#### Available data ####

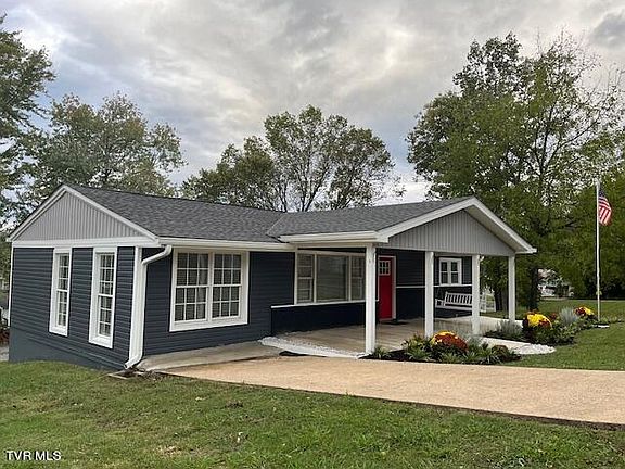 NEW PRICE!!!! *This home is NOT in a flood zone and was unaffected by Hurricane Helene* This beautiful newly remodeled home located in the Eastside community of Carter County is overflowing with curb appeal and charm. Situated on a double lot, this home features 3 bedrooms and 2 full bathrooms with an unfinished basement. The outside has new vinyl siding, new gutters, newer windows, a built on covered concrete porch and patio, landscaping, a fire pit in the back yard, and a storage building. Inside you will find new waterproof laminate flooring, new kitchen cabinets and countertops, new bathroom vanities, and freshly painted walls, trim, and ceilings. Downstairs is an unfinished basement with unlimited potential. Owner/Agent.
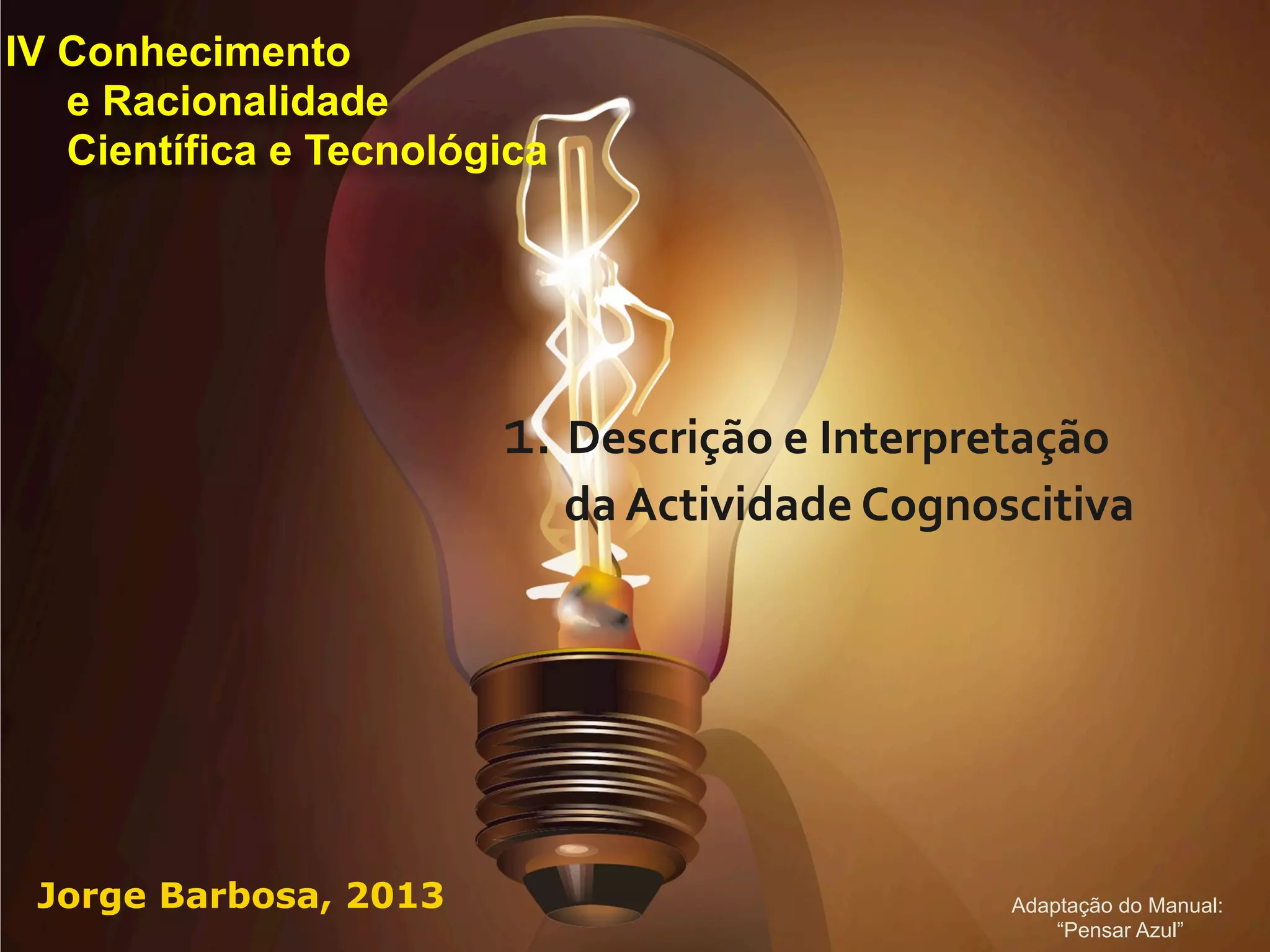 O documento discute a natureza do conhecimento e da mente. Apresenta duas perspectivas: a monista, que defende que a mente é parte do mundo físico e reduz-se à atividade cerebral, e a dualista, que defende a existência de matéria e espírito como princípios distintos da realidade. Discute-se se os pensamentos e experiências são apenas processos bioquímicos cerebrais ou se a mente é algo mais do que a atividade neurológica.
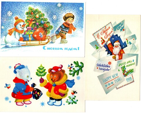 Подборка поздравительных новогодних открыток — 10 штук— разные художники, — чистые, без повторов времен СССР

####

**Aim of the task:** Set down the line containing "O documento discute" and every line after it up to the end of the material, exactly as written, but not the pictures.

**Your solution:**
 O documento discute a natureza do conhecimento e da mente. Apresenta duas perspectivas: a monista, que defende que a mente é parte do mundo físico e reduz-se à atividade cerebral, e a dualista, que defende a existência de matéria e espírito como princípios distintos da realidade. Discute-se se os pensamentos e experiências são apenas processos bioquímicos cerebrais ou se a mente é algo mais do que a atividade neurológica.
 Подборка поздравительных новогодних открыток — 10 штук— разные художники, — чистые, без повторов времен СССР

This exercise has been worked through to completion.